Wie stark der Heimatstrieb des Kindes ist, ersieht man aus der behutsamen Erweiterung der Kreise, die sich um den Mittelpunkt des häuslichen Herdes ziehen. Ein größerer Umweg, den sich ein Kind erlaubt, um in seine Schule zu kommen, ist ihm schon ein Ereignis und kann es in der Tat für seine ganze Entwicklung werden. Ein solcher Umweg bringt Eindrücke und Zerstreuungen ganz neuer Art hervor. Verspätungen wecken den Lügengeist. Man lernt erfinden und bemerkt mit Behagen, daß die Erfindungen geglaubt werden. Jeder Umweg veranlaßte ein böses Gewissen.

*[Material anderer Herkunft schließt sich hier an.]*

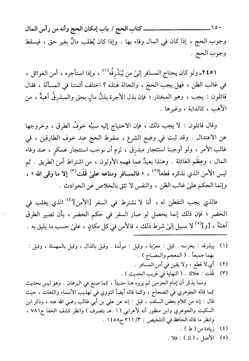 2451 - ولو كان يحتاج المسافر إلى من يُبَذْرِقُه (1)، وإذا استأجره، أمن الغوائل، في غالب الظن، فهل يجب الحج، والحالة هذه؟ اختلف أئمتنا في المسألة، فقال قائلون: يجب، وهو المختار، فإن بذل الأجرة بذلُ مالٍ بحق والمبذرِقُ أهبةٌ، من الأهب، كالدابة، وغيرها.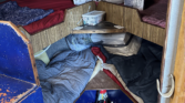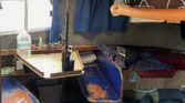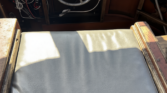 area with raised storage single counter, and on the port side is the original head space, converted to storage, and galley table. The forepeak is open to the cabin and contains four (4) berths. Visibility is via aluminum framed sealed slider windows on port and starboard side. Finishes include wood paneling. Ventilation is via the entrance door and side slider windows.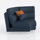 This single-seater sofa merges minimalist sophistication with understated warmth, inspired by the quiet depth of twilight and the geometric precision of modern design. Its deep indigo upholstery, crafted from a textural, high-quality fabric, catches light softly—rich yet not overwhelming—creating a serene focal point in any room. The material feels luxuriously plush to the touch, with subtle paneling along the back and seat that adds depth without clutter, while the gently curved armrests and low-profile silhouette enhance its relaxed, approachable vibe.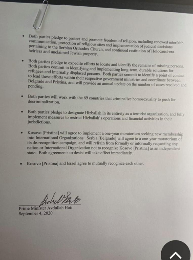 Ndërsa, pika e fundit, Kosova dhe Izraeli janë pajtuar që të njohin njëra-tjetrën. Dy vendet do konsiderojnë organizatën Hezbollah terroriste.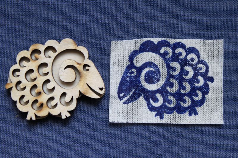 Губкою або валиком нанесіть фарбу на робочу поверхню штампа. Зробіть відбиток на тканині/папері міцно натиснувши штамп до матеріалу.

Die allmähliche Welterweiterung des Kindes geht langsam vonstatten. Es war ein Argonautenzug, wenn einmal der Knabe wagte, in die akademischen inneren Hofräume zu treten und in die Fenster zu lugen, wo die Gipsabgüsse standen oder die Bücher der gelehrten Akademiker. Der Garten der Universität war damals eingefriedigt von einer oft erkletterten Mauer. Er galt für einen erlaubten Tummelplatz, doch nur in seinen äußersten Grenzen. Zu nahe an den Fenstern, wo die Schleiermacherschen Vorlesungen gehalten wurden und eine große Uhr die Stunden ohrenzerreißend ankündigte, fing der verbotene Hesperidengarten an. An der Stelle, wo jetzt die Singakademie steht, floß früher ein Spreearm, bedeckt mit Floßhölzern, die von den gemeinen Leuten »Karinen« genannt wurden, als hätte ihnen ein Professor den Namen aus Schellers Wörterbuch gegeben. Die herrlichen langen »Tafelbirnen« in den jetzt Magnusschen Gärten und links und rechte in denen des Finanzministers Kleewitz, dem Friedrich Wilhelm IV. einst die Scharade aufgegeben haben soll: »Raten Sie einmal! Das Erste frißt das Vieh, das Zweite haben Sie nie, und das Ganze sind Sie!« – der Finanzminister verbat sich sehr die Defizits seiner Obsternte und stellte Wachen aus. Aber dann trat die herrliche Zeit ein, die man nannte: »Die Spree ist geschützt.« Des Fischfanges und doch wohl noch mehr der Baggerung wegen wurden die Spreearme ohne Wasser gelassen. Das war dann wonnig, in dem schwarzen Schlamme zu waten. Dann waren alle Gärten zugänglich. Bis häusliche Strafgerichte der Verwilderung ein Ende machten.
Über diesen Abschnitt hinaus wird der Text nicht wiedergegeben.